David Yeung is the co-founder of Green Monday, founder of social enterprise Mind Reset Institute, soul book "Communication Positive Energy", "Starting Positive Energy" and "Dong Du Zen". The author, "East Weekly", "Warm the World", etNet and other columnists, hosted the celebrity "Run Vegetarian" column in U Magazine. He used to be the host of the Hong Kong Metro Finance and Economics Channel, and also served as a guest on TV programs, including wireless, Cable, NowTV and Phoenix Satellite TV. In addition, Yang has been invited to give lectures on Buddhism, soul and environmental protection for many Fortune 500 companies and universities, and was selected as the 2015 Hong Kong Top Ten Outstanding Youth by the International Youth Chamber of Commerce, "JMEN" awarded "Men of the Year 2013" award, Ming Pao Weekly "2013 Local Heroes" award, Hong Kong Management Association "2013 Outstanding Market Illustration" Bronze Award, East Weekly "2013 Outstanding Enterprise Illustration" award, Roadshow "Green Star" Environmental Protection Award, Baccarat Magazine 45 young leaders in Hong Kong, "Purpose Economy" "Asia's 100 Outstanding Leaders", Fast Company "China Business 100 Most Creative People", U Magazine My Favorite Hong Kong Environmental Figure 2016, etc.

Education 
Yeung graduated from Columbia University in the United States in 1998 with a B.S. degree.

Career 
Yeung started his career as a consultant for Wing Dao Certified Public Accountants in the United States for about a year.
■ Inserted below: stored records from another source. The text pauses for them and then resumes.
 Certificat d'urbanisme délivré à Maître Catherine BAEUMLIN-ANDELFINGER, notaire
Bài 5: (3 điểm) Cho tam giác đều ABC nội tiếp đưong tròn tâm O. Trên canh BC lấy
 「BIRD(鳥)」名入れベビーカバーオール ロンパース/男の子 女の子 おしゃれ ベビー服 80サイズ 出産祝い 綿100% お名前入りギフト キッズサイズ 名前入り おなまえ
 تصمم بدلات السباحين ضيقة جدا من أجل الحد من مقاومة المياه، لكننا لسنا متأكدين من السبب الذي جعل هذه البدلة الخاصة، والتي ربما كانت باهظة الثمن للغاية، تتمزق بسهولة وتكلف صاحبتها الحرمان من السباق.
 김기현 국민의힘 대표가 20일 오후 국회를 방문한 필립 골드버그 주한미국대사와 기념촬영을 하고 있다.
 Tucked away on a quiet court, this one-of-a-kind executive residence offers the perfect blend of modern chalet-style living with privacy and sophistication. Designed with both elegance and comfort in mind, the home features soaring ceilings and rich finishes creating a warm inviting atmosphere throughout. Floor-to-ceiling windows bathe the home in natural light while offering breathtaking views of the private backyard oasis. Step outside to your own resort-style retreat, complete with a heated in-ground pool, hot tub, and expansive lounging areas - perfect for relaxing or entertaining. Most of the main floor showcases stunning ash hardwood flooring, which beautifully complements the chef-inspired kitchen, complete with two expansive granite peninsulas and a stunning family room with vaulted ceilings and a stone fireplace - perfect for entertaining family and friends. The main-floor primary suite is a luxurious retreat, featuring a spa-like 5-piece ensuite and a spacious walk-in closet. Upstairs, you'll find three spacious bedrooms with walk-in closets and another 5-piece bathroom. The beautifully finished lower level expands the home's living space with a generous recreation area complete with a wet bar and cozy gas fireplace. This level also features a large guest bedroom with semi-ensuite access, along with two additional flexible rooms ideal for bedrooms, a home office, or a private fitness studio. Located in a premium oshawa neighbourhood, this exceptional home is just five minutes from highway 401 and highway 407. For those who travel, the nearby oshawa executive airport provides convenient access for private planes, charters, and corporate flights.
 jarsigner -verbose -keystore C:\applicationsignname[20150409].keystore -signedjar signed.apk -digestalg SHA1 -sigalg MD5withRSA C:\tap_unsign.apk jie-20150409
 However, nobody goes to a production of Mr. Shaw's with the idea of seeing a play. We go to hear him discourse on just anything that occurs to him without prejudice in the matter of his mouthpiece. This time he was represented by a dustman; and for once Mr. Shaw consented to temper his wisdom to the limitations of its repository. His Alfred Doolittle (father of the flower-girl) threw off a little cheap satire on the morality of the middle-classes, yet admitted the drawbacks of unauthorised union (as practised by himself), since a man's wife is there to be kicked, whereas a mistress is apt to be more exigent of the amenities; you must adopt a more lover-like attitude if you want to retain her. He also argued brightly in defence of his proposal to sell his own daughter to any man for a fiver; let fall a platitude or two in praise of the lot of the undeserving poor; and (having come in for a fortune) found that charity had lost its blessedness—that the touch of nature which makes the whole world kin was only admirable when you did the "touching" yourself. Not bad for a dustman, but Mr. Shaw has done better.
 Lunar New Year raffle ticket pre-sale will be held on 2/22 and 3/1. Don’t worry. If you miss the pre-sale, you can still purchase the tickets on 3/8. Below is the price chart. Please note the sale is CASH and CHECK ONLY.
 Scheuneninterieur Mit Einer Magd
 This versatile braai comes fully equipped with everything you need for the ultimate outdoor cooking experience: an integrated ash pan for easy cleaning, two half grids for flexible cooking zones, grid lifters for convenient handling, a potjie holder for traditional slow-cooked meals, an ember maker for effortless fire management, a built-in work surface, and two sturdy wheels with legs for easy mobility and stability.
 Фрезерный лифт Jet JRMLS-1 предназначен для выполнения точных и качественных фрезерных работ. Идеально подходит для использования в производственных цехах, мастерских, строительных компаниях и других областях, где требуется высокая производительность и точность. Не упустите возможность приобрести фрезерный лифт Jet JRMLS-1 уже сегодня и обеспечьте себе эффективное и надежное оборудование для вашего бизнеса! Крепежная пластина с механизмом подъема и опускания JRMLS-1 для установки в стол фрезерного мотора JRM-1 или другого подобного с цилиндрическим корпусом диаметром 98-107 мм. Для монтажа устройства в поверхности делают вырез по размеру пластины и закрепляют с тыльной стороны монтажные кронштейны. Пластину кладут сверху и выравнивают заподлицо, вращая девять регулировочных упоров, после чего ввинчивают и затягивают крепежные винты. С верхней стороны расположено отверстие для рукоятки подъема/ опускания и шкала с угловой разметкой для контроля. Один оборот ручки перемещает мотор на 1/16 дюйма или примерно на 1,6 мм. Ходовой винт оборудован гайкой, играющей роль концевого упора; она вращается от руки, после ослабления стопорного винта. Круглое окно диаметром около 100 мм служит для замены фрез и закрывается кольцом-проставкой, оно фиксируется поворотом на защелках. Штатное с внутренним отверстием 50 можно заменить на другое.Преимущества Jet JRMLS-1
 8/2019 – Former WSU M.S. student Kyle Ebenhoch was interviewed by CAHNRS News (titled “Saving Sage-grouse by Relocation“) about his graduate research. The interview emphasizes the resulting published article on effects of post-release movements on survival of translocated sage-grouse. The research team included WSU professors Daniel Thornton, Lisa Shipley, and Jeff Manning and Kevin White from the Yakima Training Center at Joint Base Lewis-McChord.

He witnessed the craze for the Internet. He and his friends opened an Internet company, but in the next year, it boiled. As the US Nasdaq Index dropped from five thousand to one thousand, his company vanished. In 2003, he returned to Hong Kong from the United States and joined a family company as an assistant to the chairman. Later, he acquired shares in Shine* and Visual Culture in his own name, focusing on selling high-end fashion clothes and eyewear in Harbour City, Central, Causeway Bay, Tsim Sha Tsui, Beijing, and Shanghai. There are also branches, which specialize in European, American and Japanese fashion and eyewear, and are loved by stars such as Joey Yung and Charlene Choi.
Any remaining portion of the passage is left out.